## Your instructions
Beginning with the line containing "Condition: See images" and going on through the line containing "I lavori di", the lines below are to be returned exactly, pictures excluded and nothing added.

## Records for this task

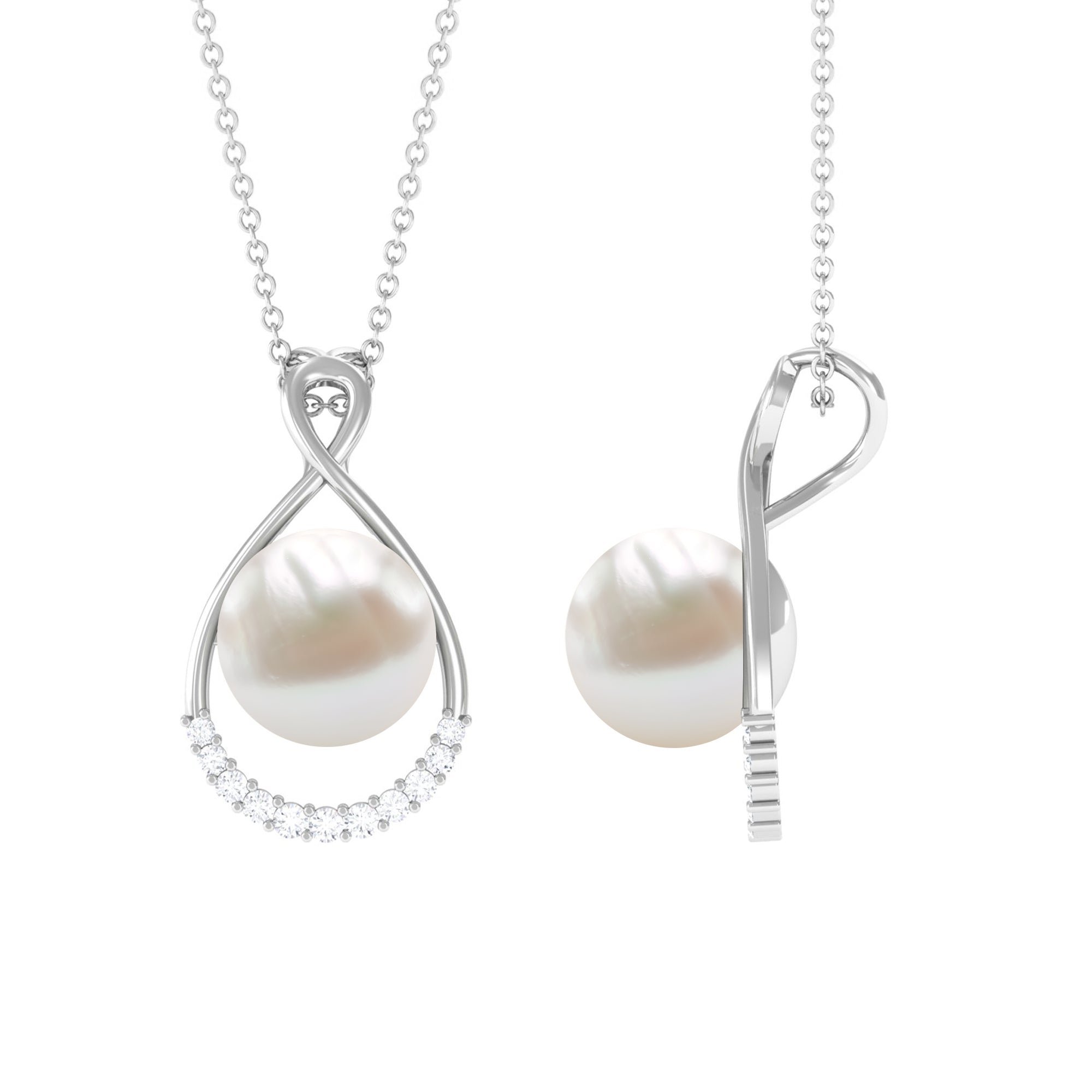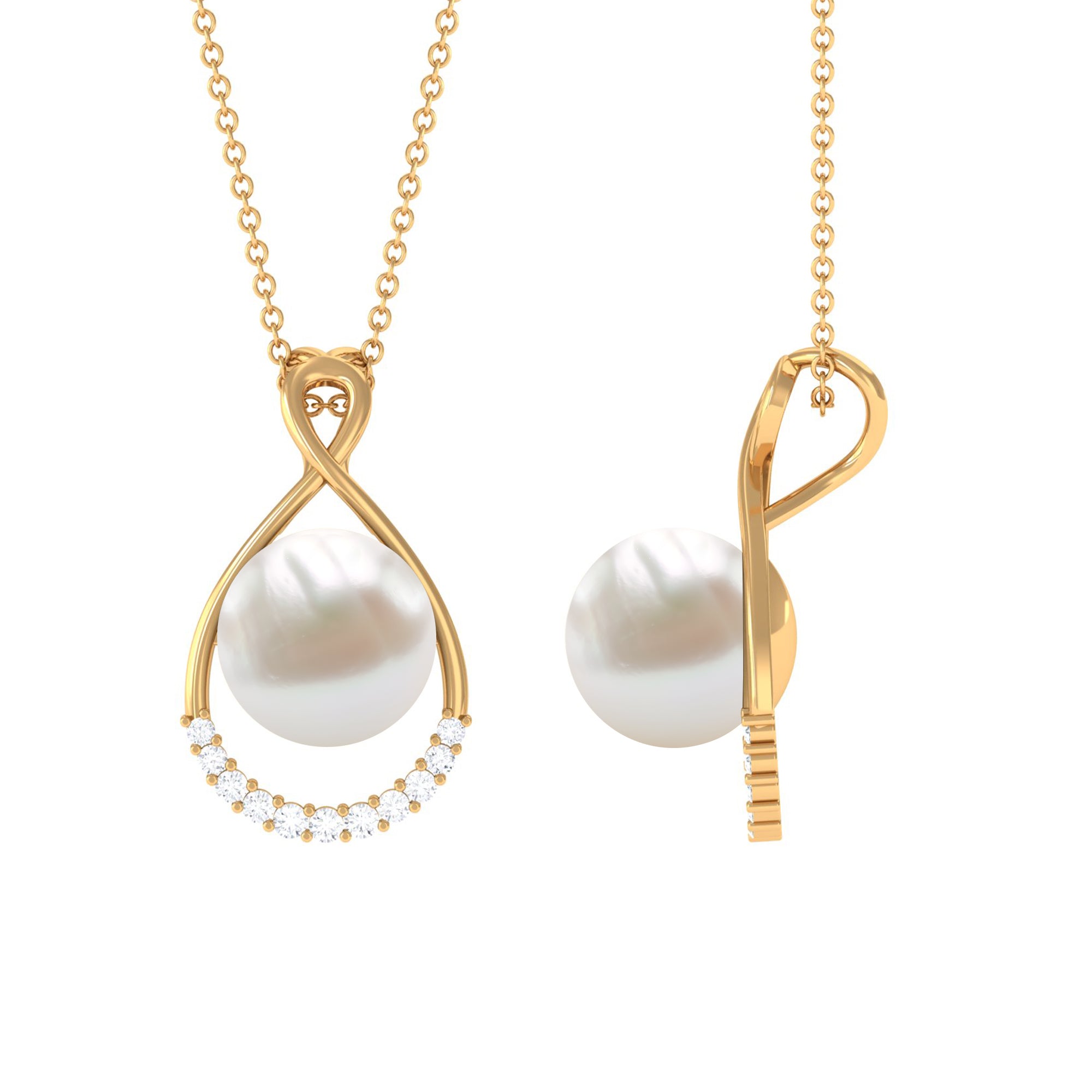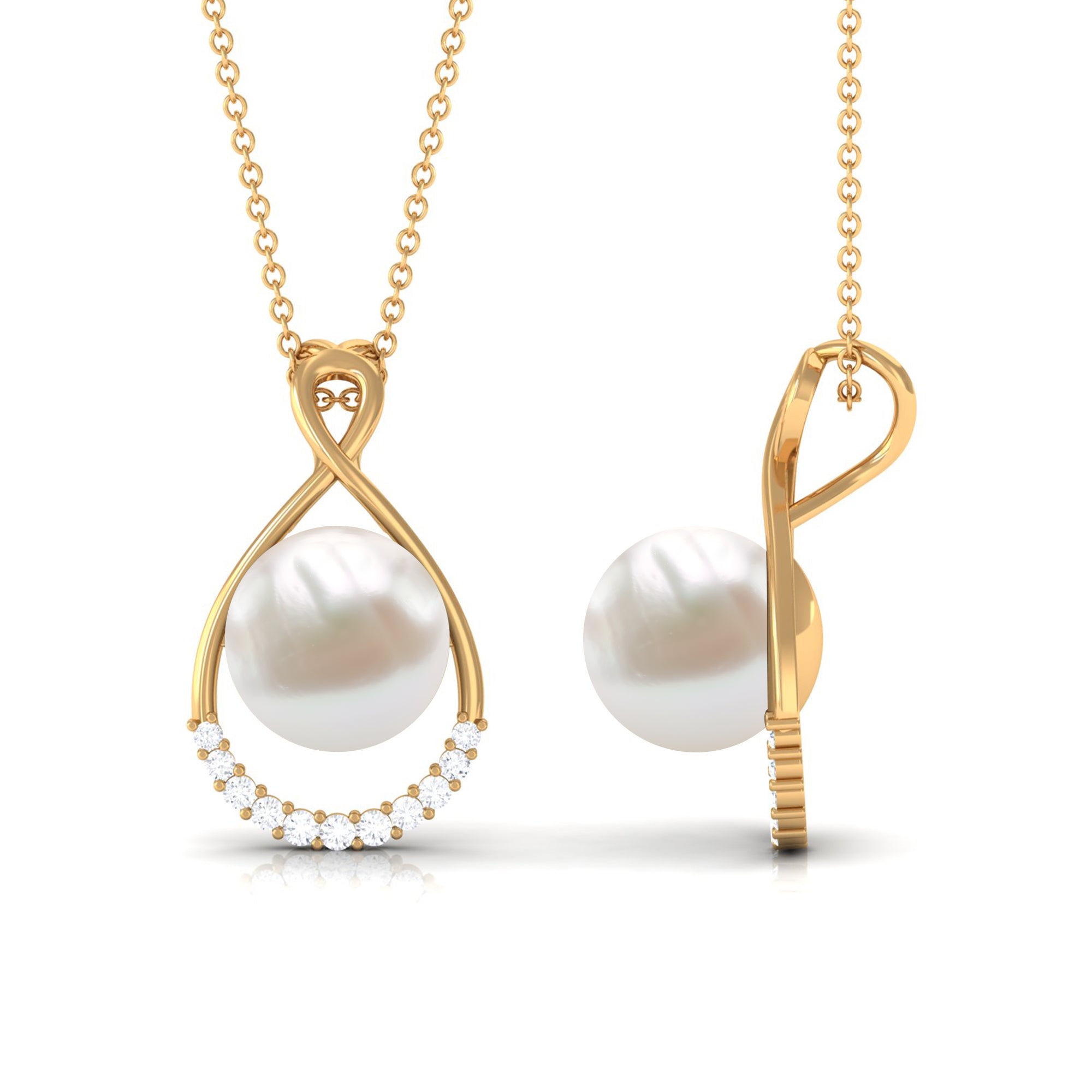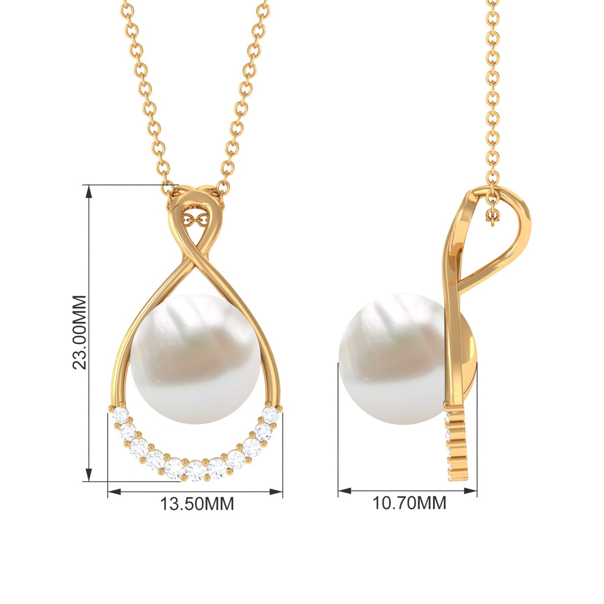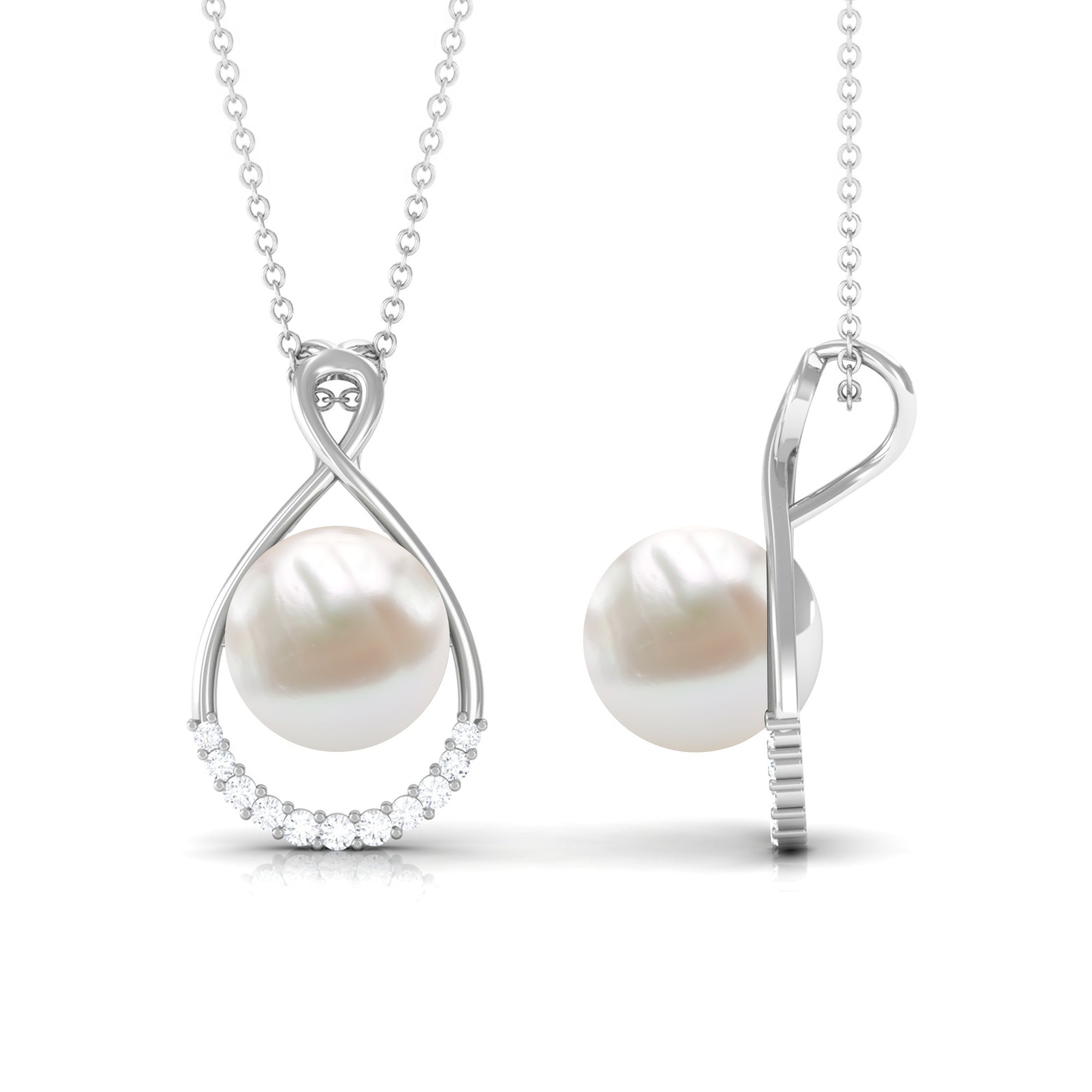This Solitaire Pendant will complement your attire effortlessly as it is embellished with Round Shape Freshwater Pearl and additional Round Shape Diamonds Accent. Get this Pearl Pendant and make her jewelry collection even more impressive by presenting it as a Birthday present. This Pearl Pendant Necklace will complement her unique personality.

* * *

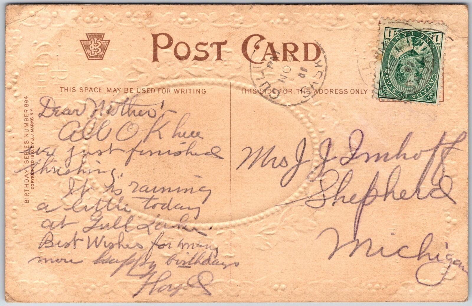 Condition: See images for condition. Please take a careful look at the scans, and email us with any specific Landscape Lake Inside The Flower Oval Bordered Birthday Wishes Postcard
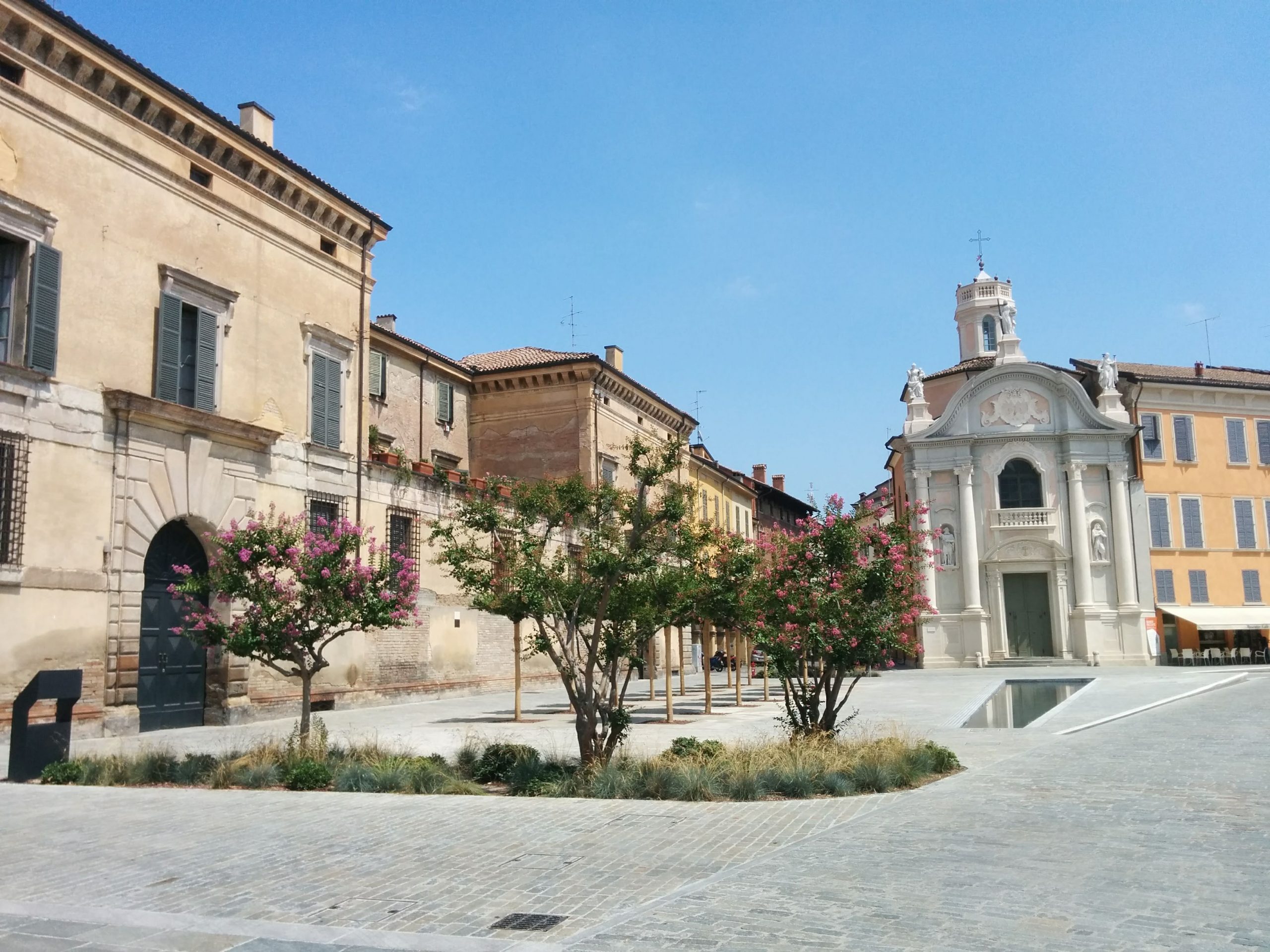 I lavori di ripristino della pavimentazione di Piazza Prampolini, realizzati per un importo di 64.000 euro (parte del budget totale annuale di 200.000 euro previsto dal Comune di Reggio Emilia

## Output for this exercise
 Condition: See images for condition. Please take a careful look at the scans, and email us with any specific Landscape Lake Inside The Flower Oval Bordered Birthday Wishes Postcard
 I lavori di ripristino della pavimentazione di Piazza Prampolini, realizzati per un importo di 64.000 euro (parte del budget totale annuale di 200.000 euro previsto dal Comune di Reggio Emilia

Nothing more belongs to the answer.